The 92 million Americans of age 50 and over control 50% of all discretionary income (AARP Bulletin, March 2008). AARP estimated that the average annual expenditure on restaurants and carry out food was $1873 for individuals in this age group. Suppose this estimate is based on a sample of 80 persons and that the sample standard deviation is $550.
a. At 95% confidence, what is the margin of error?
b. What is the 95% confidence interval for the population mean amount spent on restaurants and carryout food?
c. What is your estimate of the total amount spent by Americans of age 50 and over on restaurants and carryout food?
d. If the amount spent on restaurants and carryout food is skewed to the right, would you expect the median amount spent to be greater or less than $1873?
I'll help you with the first two:
For a):
The margin of error = 1.96(sd/√n)
sd = 550
n = 80
1.96 represents 95% using a z-table
For b):
CI95 = mean + or - margin of error
mean = 1873
Substitute the values into the formula and calculate.
Please help and explain the best you can. I am so lost.
Thank you in advance
To find the answers to these questions, we will use the formula for calculating the margin of error and confidence interval for a population mean based on a sample.
a. The margin of error can be calculated using the formula:
Margin of Error = z * (σ / √n)
where z is the z-score corresponding to the desired confidence level (95% in this case), σ is the standard deviation of the sample (550), and n is the sample size (80).
Plugging in the values, we get:
Margin of Error = 1.96 * (550 / √80) ≈ 1.96 * 61.27 ≈ 120.07
So, the margin of error is approximately $120.07.

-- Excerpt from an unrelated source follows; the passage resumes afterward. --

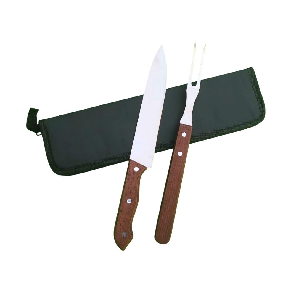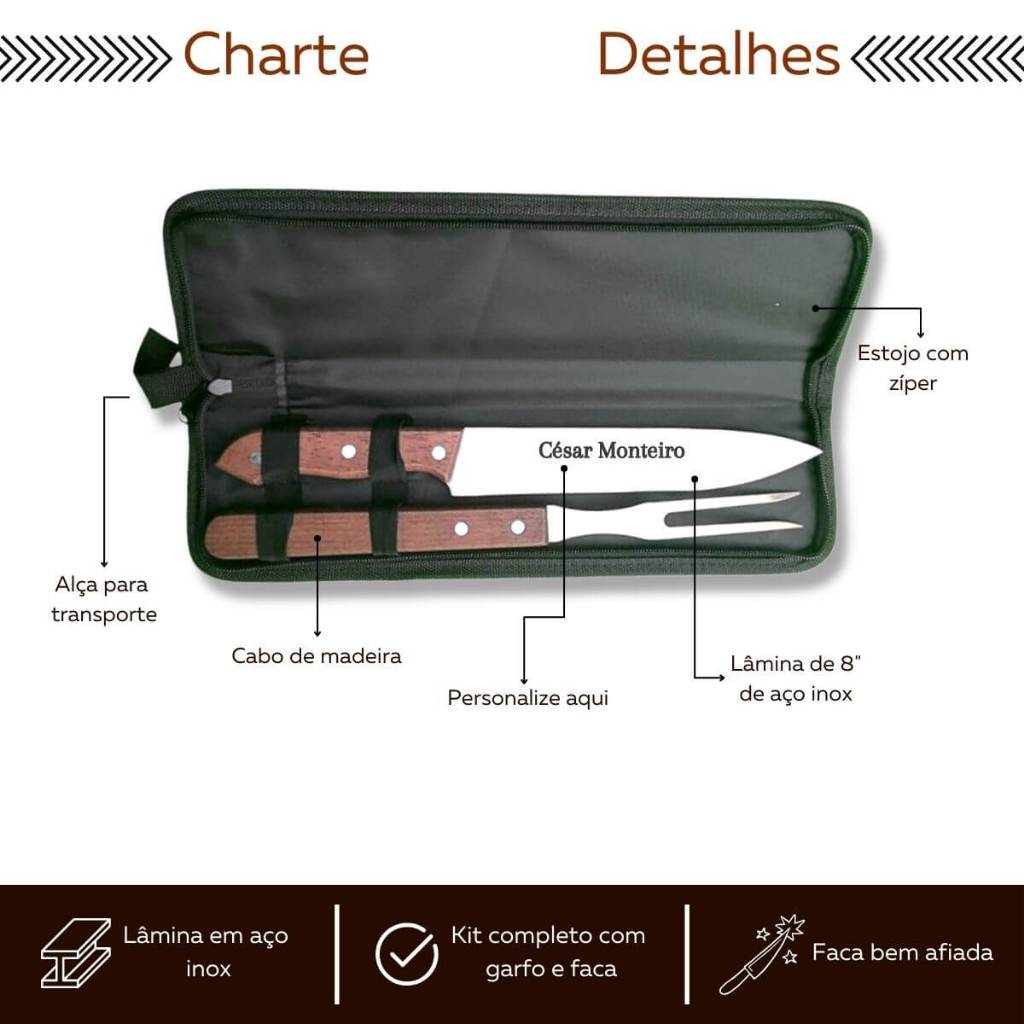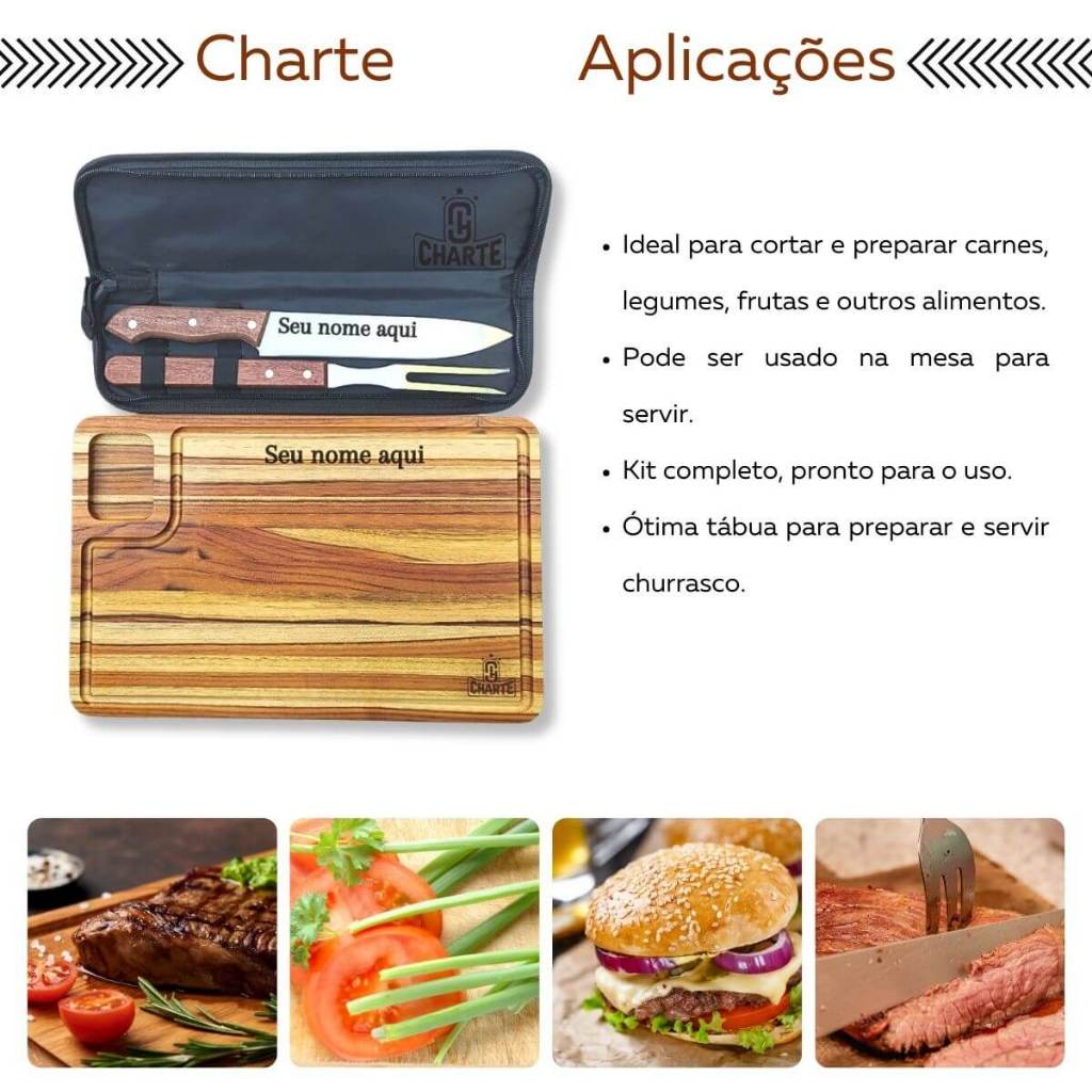 Kit Tábua de Carne com Conjunto Faca e Garfo Churrasco Personalizado Estojo

b. The 95% confidence interval can be calculated using the formula:
Confidence Interval = sample mean ± Margin of Error
In this case, the sample mean is $1873 and the margin of error is $120.07.
Therefore, the 95% confidence interval is approximately $1873 ± $120.07, or $1752.93 to $1993.07.
c. To estimate the total amount spent by Americans of age 50 and over on restaurants and carryout food, we multiply the sample mean by the total population size. According to the information provided, there are 92 million Americans in this age group.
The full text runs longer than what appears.